The phrase “feed-in tariff” has recently entered the daily dialogue of not only renewable energy advocates, but policy makers as well. A feed-in tariffs is a policy mechanism that provides a renewable energy facility with a guarantee of interconnection to the electrical grid and a set price paid for that renewable energy. Feed-in tariffs are proven to be the most successful policy for the rapid development of significant amounts of renewable energy world-wide, and have experienced increasing attention in North America over the last year. Feed-in tariffs work because they are more equitable than other policies. They enable everyone - including homeowners, farmers, cooperatives, and businesses large and small - to profit from renewable energy.

 

Once a feed-in tariff is implemented, utilities are required to purchase the electricity produced from a qualified renewable energy facility at a set price, or tariff, per kilowatt-hour generated. The cost of purchasing this energy is paid for by the utility and energy consumer, just like any other electricity generation source, and not with government incentives paid for by taxpayers who may not be using the energy. To ensure the tariff rate is successful, it should be set at a level that allows recovery of the cost of the facility plus a return on the investment. This is similar to how regulations of utility rates happen in many parts of the country and is a familiar concept for the industry. A feed-in tariff is separate from net-metering because the electricity generated is not used on-site. All of the output from the facility is purchased by the utility and the facility owner continues to pull electricity from the grid as before.

 

This type of policy has had notable success in Europe, particularly in Germany where as of 2008, over 75 percent of the electricity generated from renewable sources was purchased according to the tariffs under the Renewable Energy Sources Act (EEG), Germany’s feed-in tariff. The additional costs associated with this program for 2008 accounted for an additional 1.05cent/kWh. An average German household had an increase of 3.10 euro in their monthly electricity bill as a result of the feed-in tariff. The German Ministry for the Environment, Natural Conservation and Nuclear Safety issues an annual report on the status of renewable energy in Germany that analyzes these figures. You can read the 2008 preliminary report here.

 

 

In North America this type of policy has been slow to gain support despite efforts on both the federal and state levels. However, the past year has witnessed major strides in implementing feed-in tariff policies. According to the Alliance for Renewable Energy, there are 20 states that have considered feed-in tariff style policies. Below are some highlights from a few of these efforts: California’s Start; The Gainesville Story; Vermont Joins In; The Canadian Perspective. 

 

California’s Start

In early 2008 the California Public Utilities Commission announced the availability of two expansions of a tariff designed to support and encourage the development of up to 480MW of renewable energy from small generating facilities throughout the state. This program is targeted specifically to the publicly owned water and wastewater treatment facilities.

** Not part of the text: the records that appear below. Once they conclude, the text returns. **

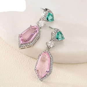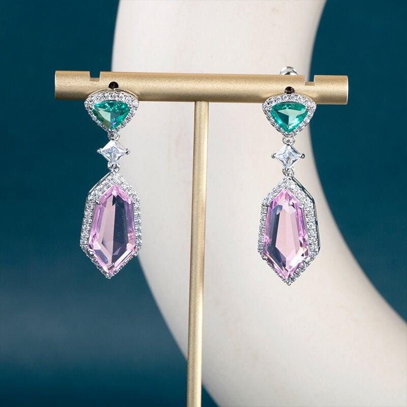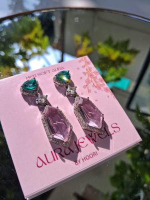 These elegant earrings combine a green teardrop stone with a pink geometric crystal, highlighted with delicate zircon accents. Their silver-plated base adds a soft, premium shine. Perfect for brides, events, and anyone who loves jewelry with a bold yet feminine vibe.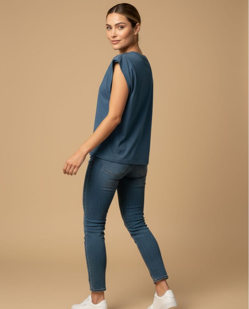El tejido abraza tu piel con suavidad natural mientras que el corte relajado permite que el aire circule libremente, creando una sensación de frescura durante todo el día.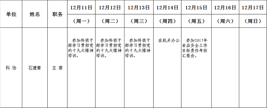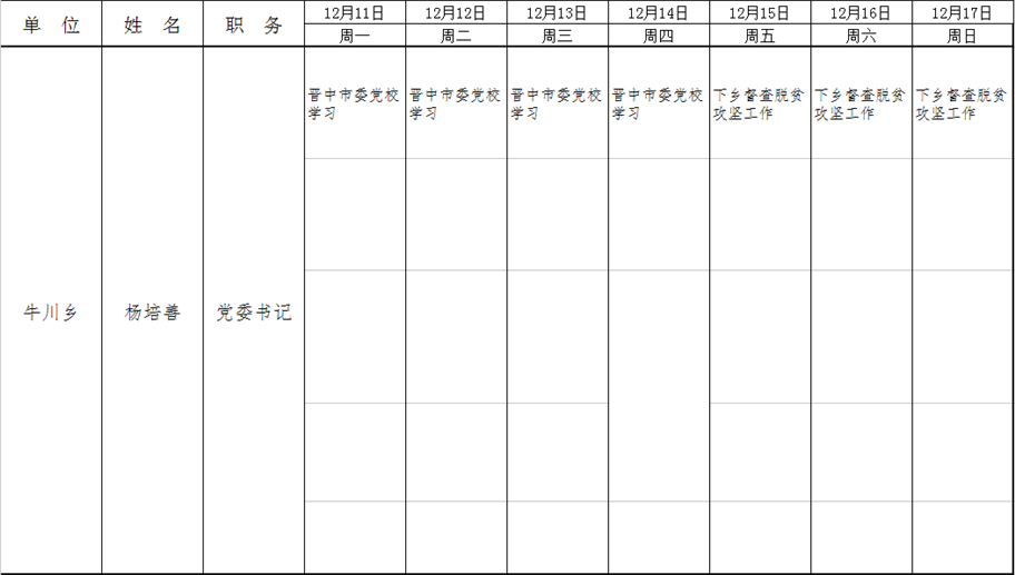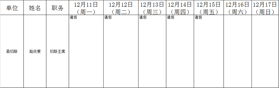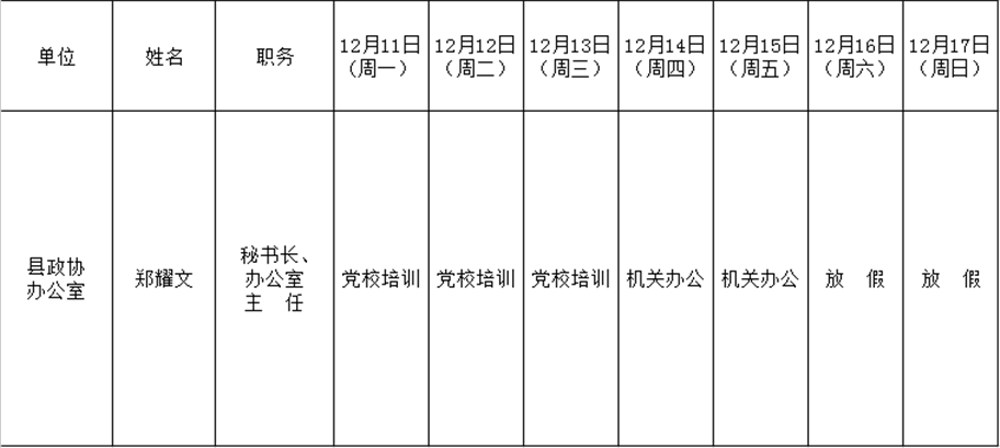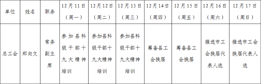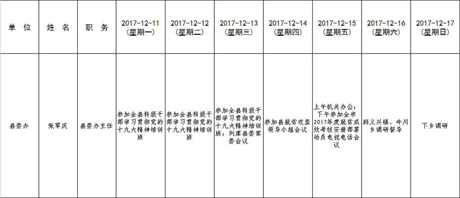 全县领导干部一周工作清单
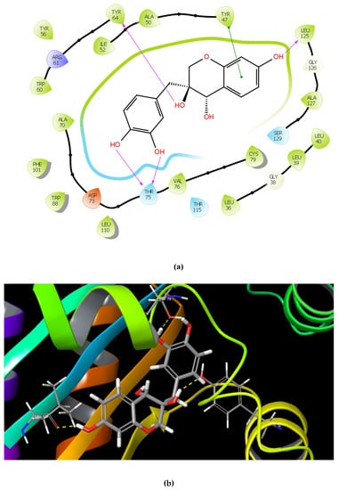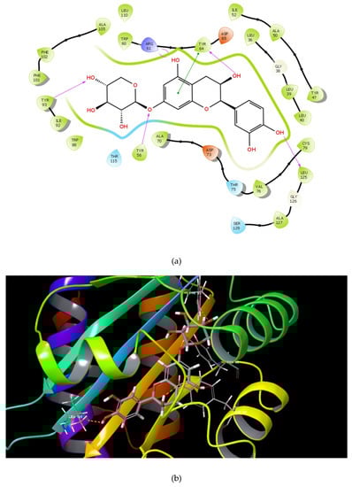 | Catechin 7-xyloside (C7X) | ![]() | −13.508 | 4 | Tyr 56 Tyr 64 Tyr 93 Leu 125 |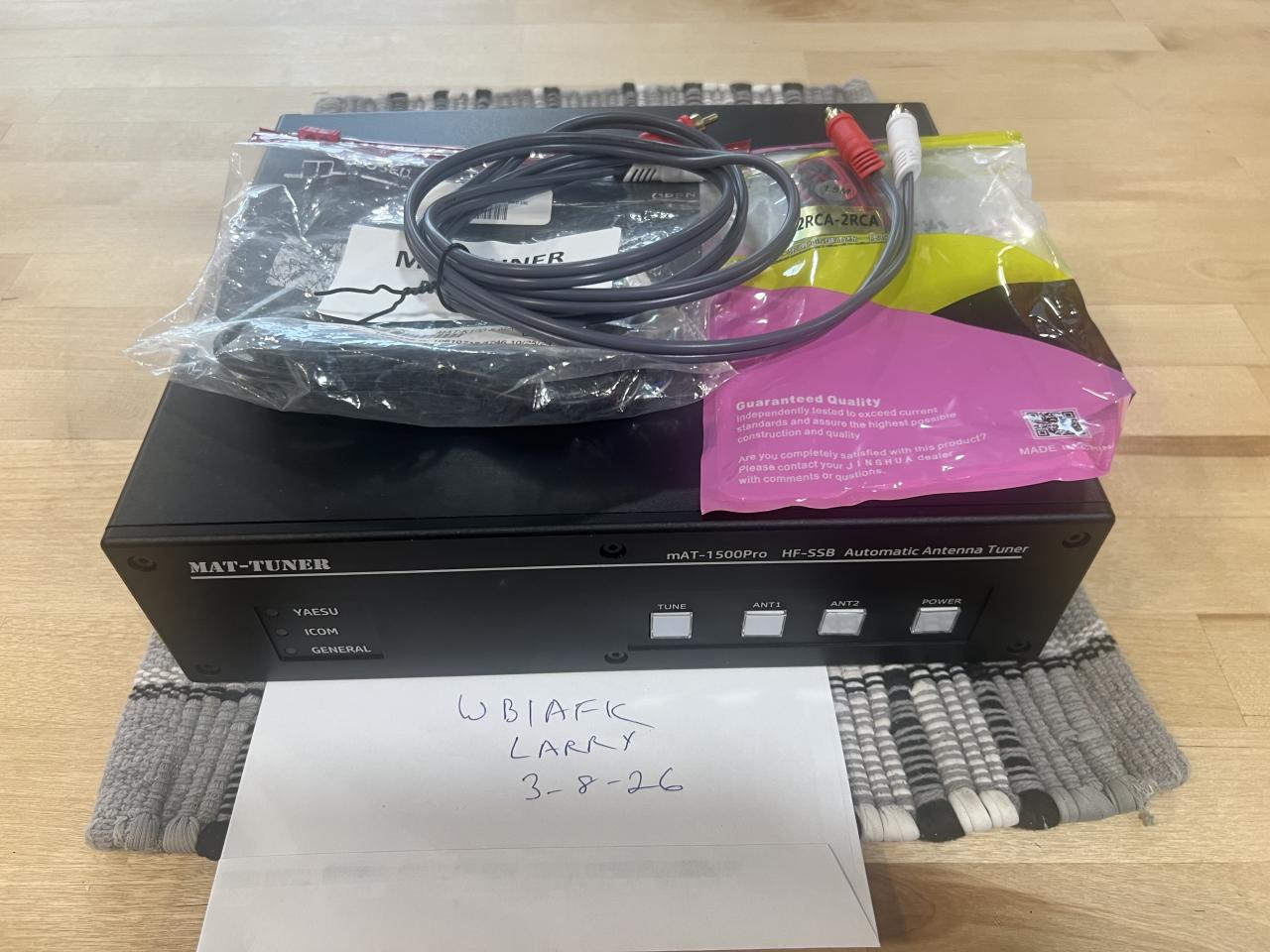 Selling mAT 1500 pro. 1500 watt auto antenna tuner. Very wide range impedance tuner. Comes with never used Kenwood connecting cable but works with any radio. $500 shipped. PayPal or Zelle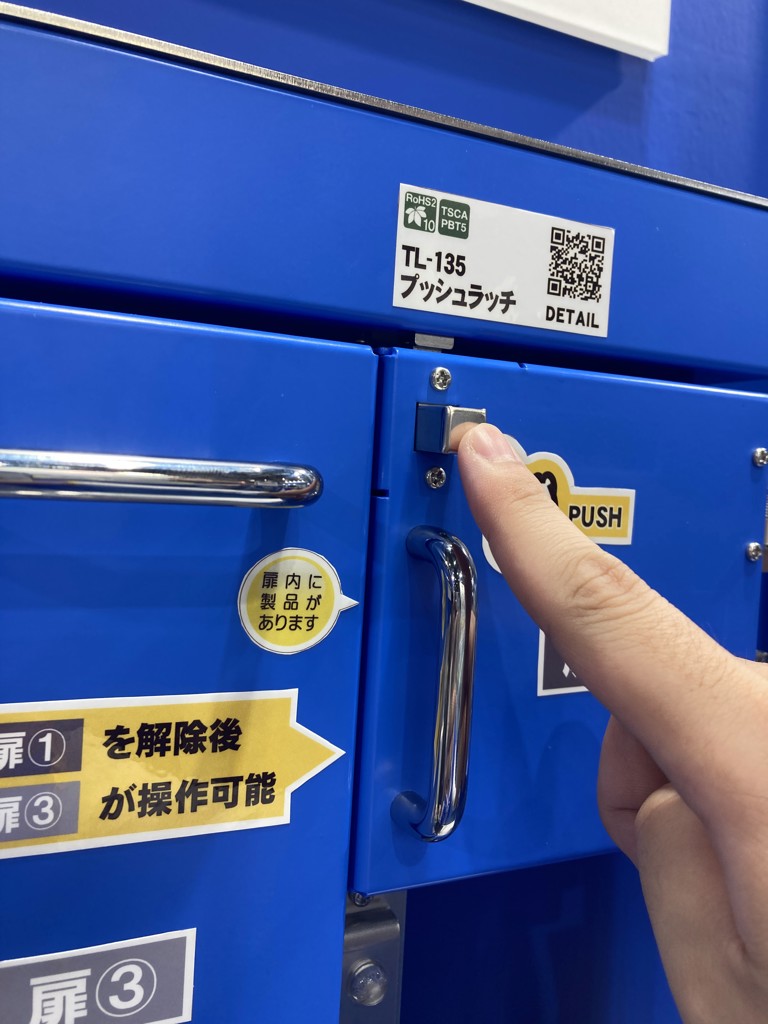 ロックはラッチにより扉や蓋を押し込むだけ。解錠はプッシュボタンを押すだけの簡単操作です。
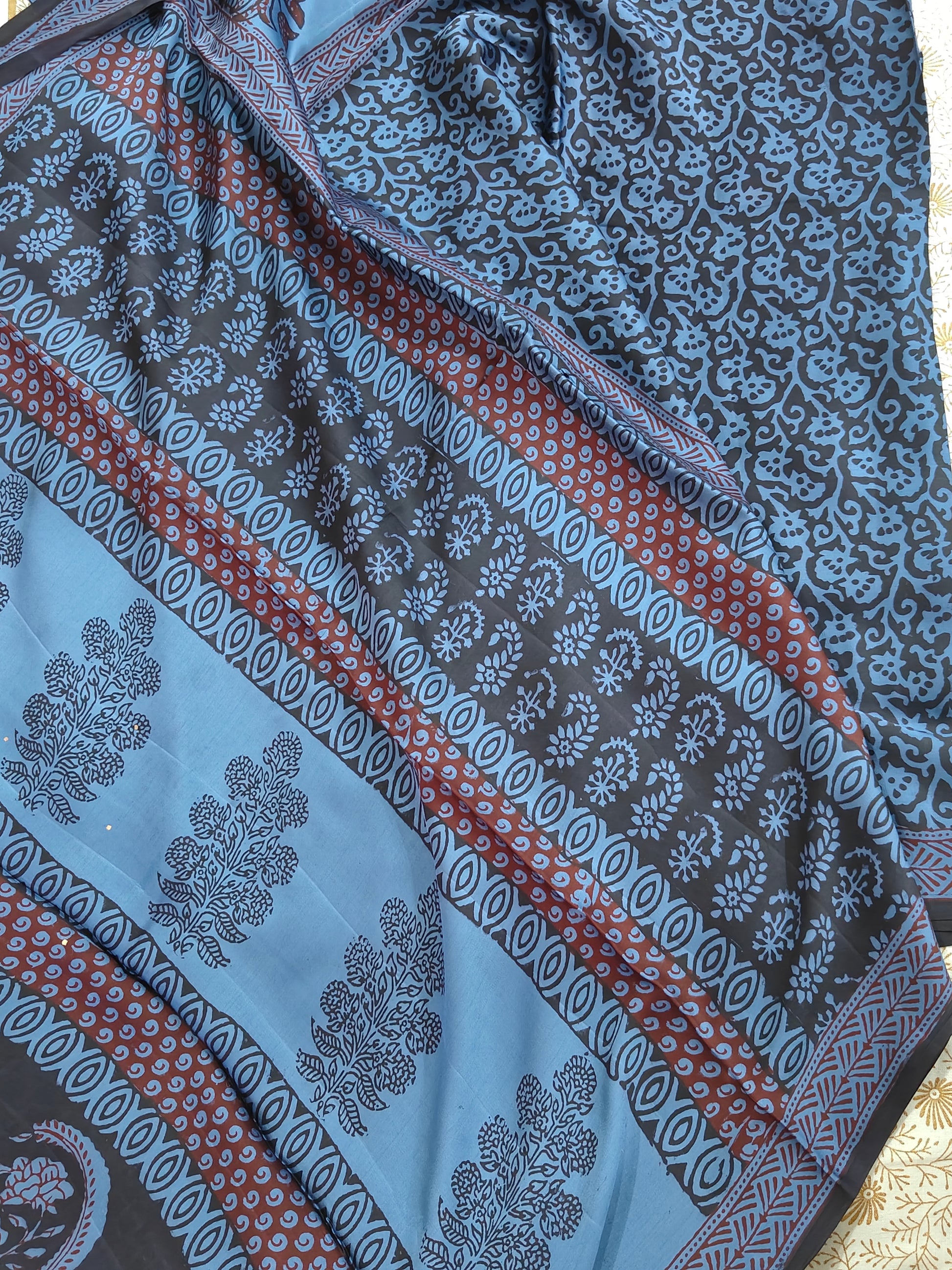 Handcrafted Uniqueness: No two sarees are identical. The subtle variations in the hand-block process are a testament to the artisan's touch.

The key elements of the tariff are:

-        

A fixed price, non-negotiable contract for 10, 15, or 20 years

-        

A project size cap of 1.5MW

-        

According to the order establishing this tariff, an eligible facility is one that is defined in PUC code § 399.12 which requires the facility to meet the definition of § 25741 of that code. The definition includes wind facilities that are located within the state of California and generally requires the first point of interconnection to be within the state.

-        

Any customer may sell to Edison or PG&E

-        

Only water and waste water customers may sell to the other four utilities: San Diego Gas and Electric Company, PacifiCorp, Sierra Pacific Power Company, Bear Valley Electric Service Division of Golden State Water Company, and Mountain Utilities

-        

The tariff rate is determined by the following formula:

o      

Price paid in $/kWh = (kWh of energy distributed onto the grid at a certain time) * (the baseload market price reference fixed at time of actual commercial operation) * (the time of delivery adjustment)

o      

More information on these factors can be found in the order establishing the tariff from the CA PUC 

Electricity purchased by the utility under this tariff may be used to satisfy the state renewable energy standards.

 

An Overview of Existing Wind Energy Ordinances

The National Renewable Energy Laboratory has issued a report that provides an overview of existing wind energy ordinances across the country. The increase in wind energy development also creates a new responsibility on the part of local governments to ensure that ordinances will be established to aid development of safe facilities that are embraced by the community.

The purpose of the report is to educate and engage state and local governments, as well as policy makers about existing large wind energy ordinances.

Click here to download the PDF version of the file (1.2MB)

USDA Farm Bill

2008 USDA Farm Bill

On May 22, 2008, Congress overrode the President's veto of the Food, Conservation, and Energy Act of 2008 (the "Farm Bill"). The Farm Bill is an investment in our nation's food and farm economy. It will ensure food security and promote healthier foods and local food networks, strengthen international food aid and reform commodity and farm programs, protect our natural resources and promote homegrown renewable energy.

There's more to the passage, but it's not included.